Visions féminines l’autre avant-garde du cinéma portugais
Dans le cadre de la Saison France-Portugal 2022, impliquant quatre cinémathèques françaises (la Cinémathèque de Grenoble, la Cinémathèque de Nice, l’Institut Jean Vigo à Perpignan et nous-mêmes) réunies autour de la Cinemateca Portuguesa (Lisbonne), une proposition de cycle construit par nos collègues portugais.
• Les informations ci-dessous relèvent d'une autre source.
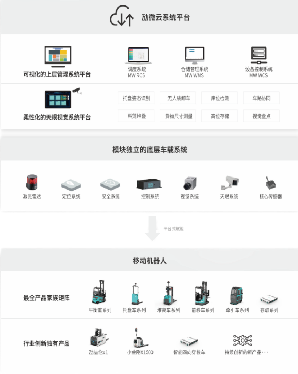 勱微機器人專注于先進的機器人與人工智能技術(shù),為客戶提供完整的智能制造及智慧物流解決方案。硬件產(chǎn)品包括:各類型無人叉車、AMR、無人牽引車及倉儲機器人;軟件系統(tǒng)包括:勱微云、WMS、WCS、現(xiàn)場管理系統(tǒng)及多種視覺解決方案,已在工廠、倉儲、物流等領(lǐng)域交付了大量標桿項目,成為行業(yè)領(lǐng)先客戶信賴的合作伙伴。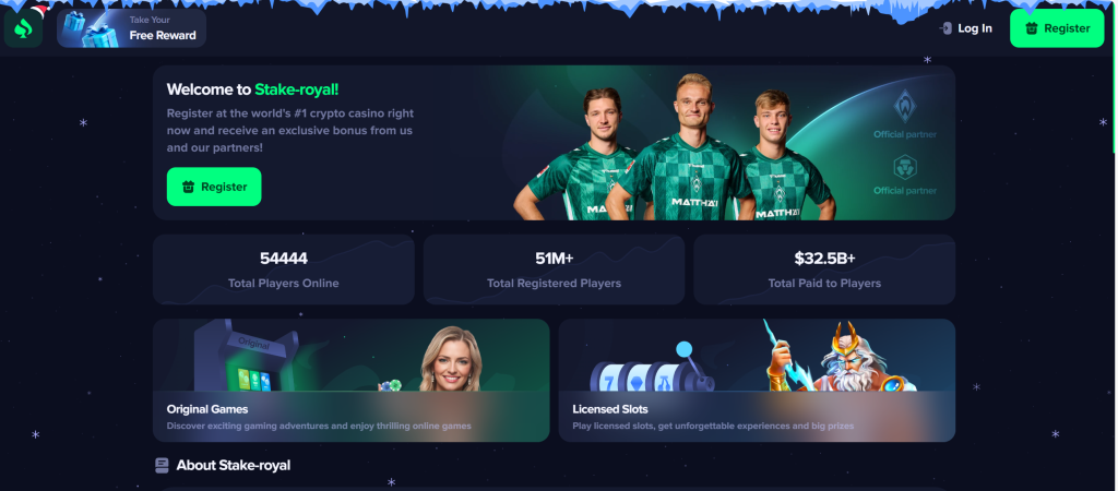 Stake-Royal.com presents itself as a blockchain-based crypto casino offering popular instant-play games and quick transactions. The site leans heavily on ideas that resonate with crypto users: transparency, speed, and independence from traditional systems. It also borrows visual cues and language commonly used by established crypto gambling platforms.
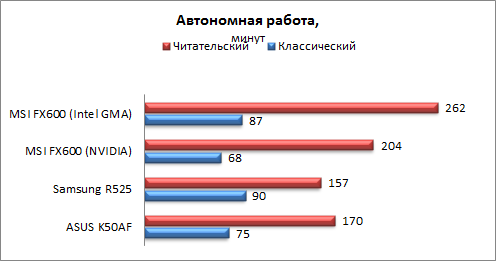 Для возможности сравнения ниже приведена диаграмма времени автономной работы в режимах «классический» и «читательский» для следующих мобильных ПК: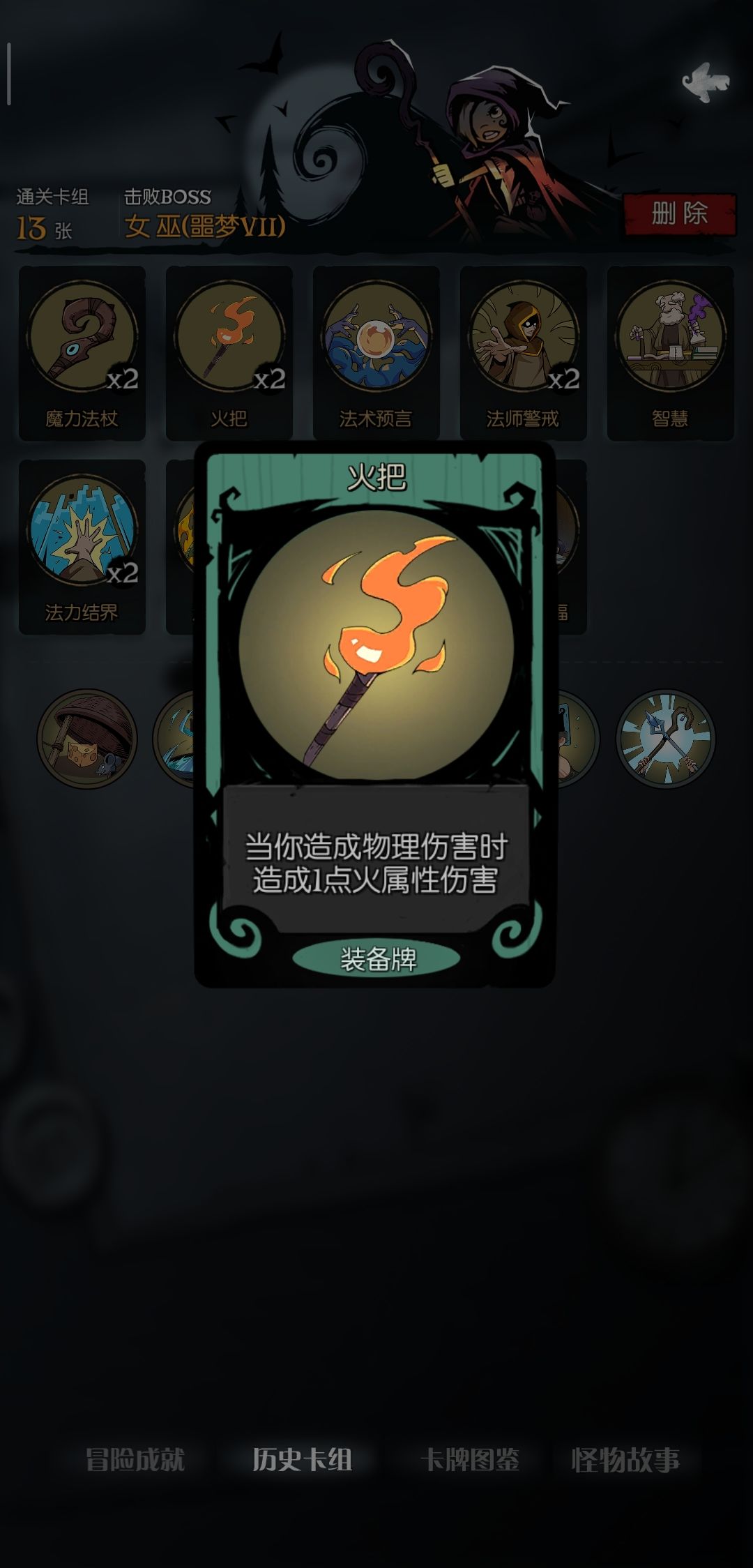 这个流派非常简单:拿上火把即可成形。其他的就拿法力牌,甚至你可以用初始自带的那几张垃圾法力牌。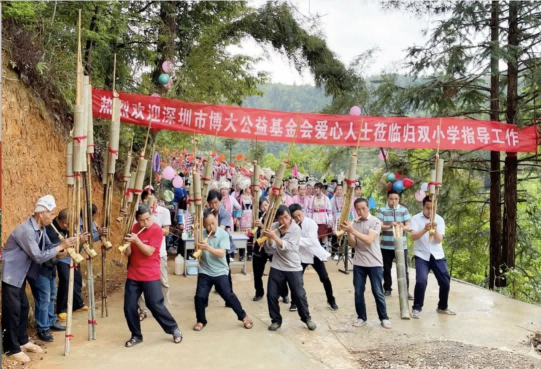 4月21日至22日,深圳市博大公益基金會理事長、集團(tuán)董事長張炳來前往貴州省黎平縣實地考察擬捐建學(xué)校場地,并回訪2021年交付當(dāng)?shù)卣褂玫膭?wù)孖小學(xué)。當(dāng)?shù)厝罕娸d歌載舞,熱烈歡迎理事長張炳來的到來。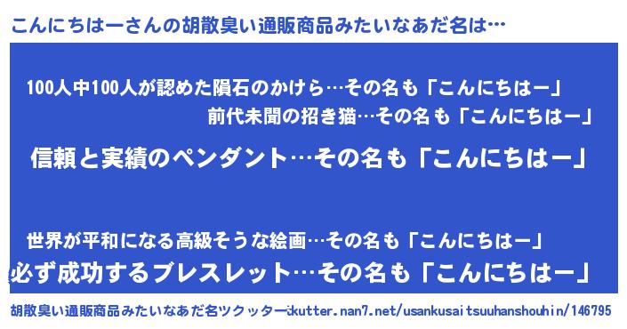 | 伝説のあだ名 | 『孤高の遊び人こんにちはー』 |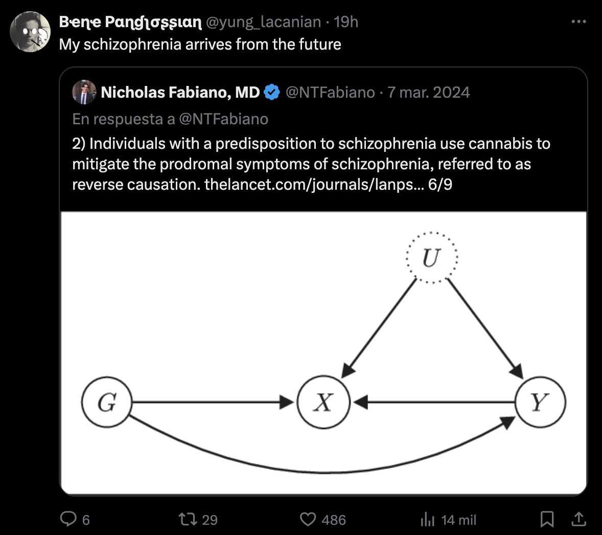 Como explica en el siguiente tweet, es la predisposición a tener esquizofrenia lo que le lleva a consumir cannabis. El pensamiento lineal al que estamos acostumbrados sería: consumo cannabis y esto me provoca la esquizofrenia. Desde una perspectiva retrocausal, yo ya soy potencialmente esquizofrénico en el futuro y es esa condición incipiente la que me lleva a consumir cannabis hoy. Por eso dice que la esquizofrenia le llega del futuro.

Une programmation qui nous propose de découvrir les cinéastes portugaises les plus influentes de ces quarante dernières années. Des années 1970 aux années 2000, du documentaire au conte, en passant par le film noir ou le drame social, une découverte du cinéma portugais – un des plus originaux et méconnus du cinéma européen – par le prisme de ses réalisatrices.
Salué par Jean Rouch qui y vit la révélation d’un langage cinématographique nouveau, tourné au lendemain de la « révolution des œillets », Trás-os-Montes est un poème ethnographique infiltré par le mystère. Un film mythe, devenu mythique.
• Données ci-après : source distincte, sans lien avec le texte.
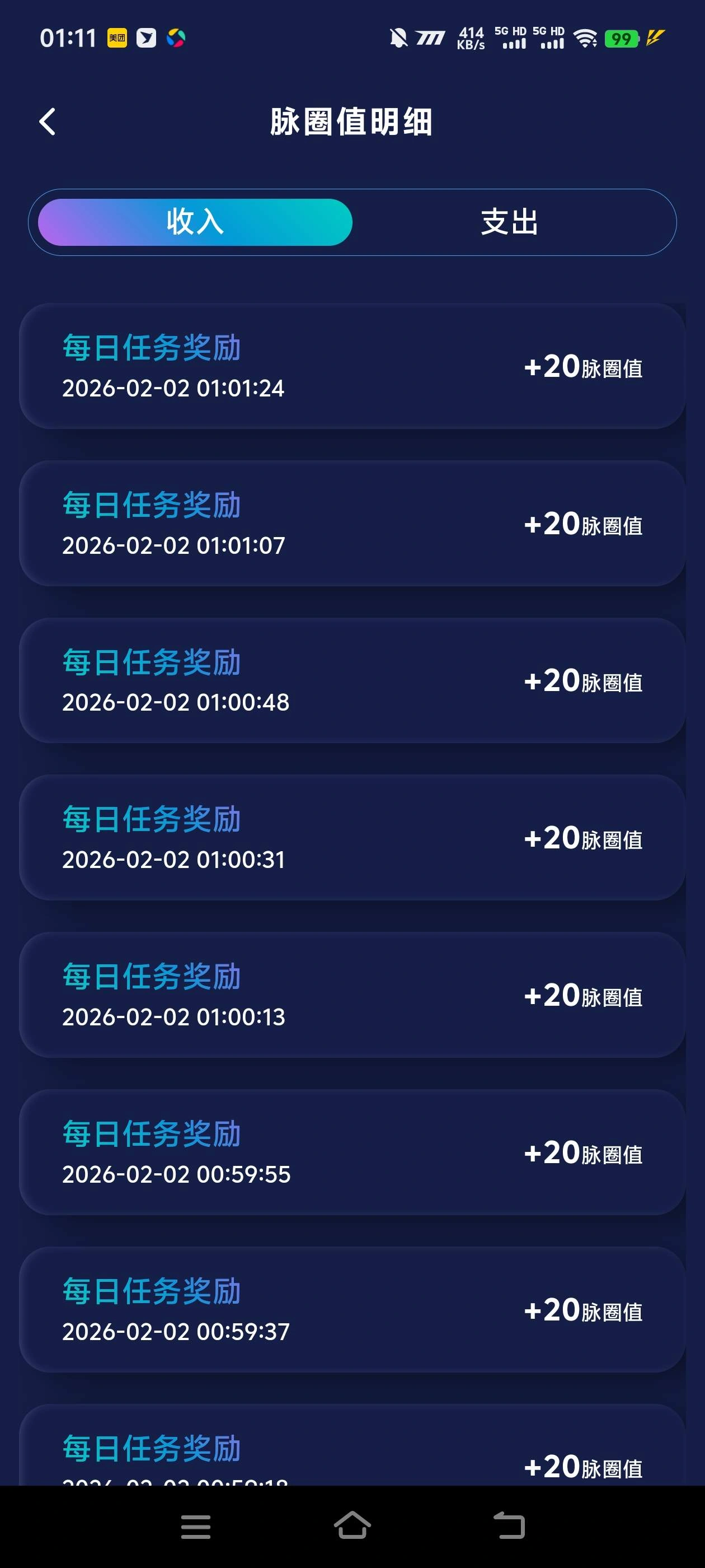 • 20个广告=400-800脉圈值

Dans un même rapport magique au réel, Le Mouvement des choses – l’unique film de Manuela Serra dont le tournage s’est étalé sur cinq ans – saisit quelque chose du temps, de la temporalité, d’un mouvement émergeant d’une forme d’atemporalité. Quelque chose d’un mouvement de sablier qui ne tend qu’à se briser.
Dans un tout autre registre, Relação Fiel e Verdadeira, qui a affaire à l’emprise masculine, frappera par son approche antinaturaliste, tragédie en tableaux vivants qui emprunte son esthétique aux compositions médiévales.
Découverte
du cinéma portugais
par le prisme
de ses réalisatrices.
Nuvem, sur un canevas à la West Side Story, en mode guerre de gangs, déshabillera d’un regard féminin une masculinité aveuglée par le trompe-l’œil de la virilité à afficher.
Frágil Como o Mundo est un incroyable opéra visuel flirtant avec l’art contemporain, une forme lyrique de cinéma expérimental, ou une forme expérimentale de cinéma lyrique selon l’endroit d’où on veut le regarder.
Dina e Django, dans sa transposition de Bonnie and Clyde pendant la « révolution des œillets », est une chanson de geste fatale à travers laquelle on pourra se demander si la cavale est passion ou manipulation.
A Costa dos Murmúrios tire un parallèle entre guerre d’indépendance du Mozambique et émancipation d’une femme face à un mari rongé par une violence stérile. Féminisme et décolonisation, tout en retenue, un film qui dénonce la colonisation des femmes par les hommes.
Os Mutantes est sculpté dans le brut des ruelles obscures, avec le tranchant insolent de la jeunesse dont c’est le réel. Un film burin qui attaque au réalisme la chape de béton sous laquelle étouffent des gamins exclus de la vie.
Autre approche réaliste, André Valente, toujours à hauteur d’enfant. L’enfance heurtée par le monde adulte, passée au tamis d’une chronique fragmentée.
Glória, enfin, impressionnera dans la manière dont il exprime l’inquiétude des contes, rappelant que le passage de l’adolescence à l’âge adulte est une épreuve mortifère.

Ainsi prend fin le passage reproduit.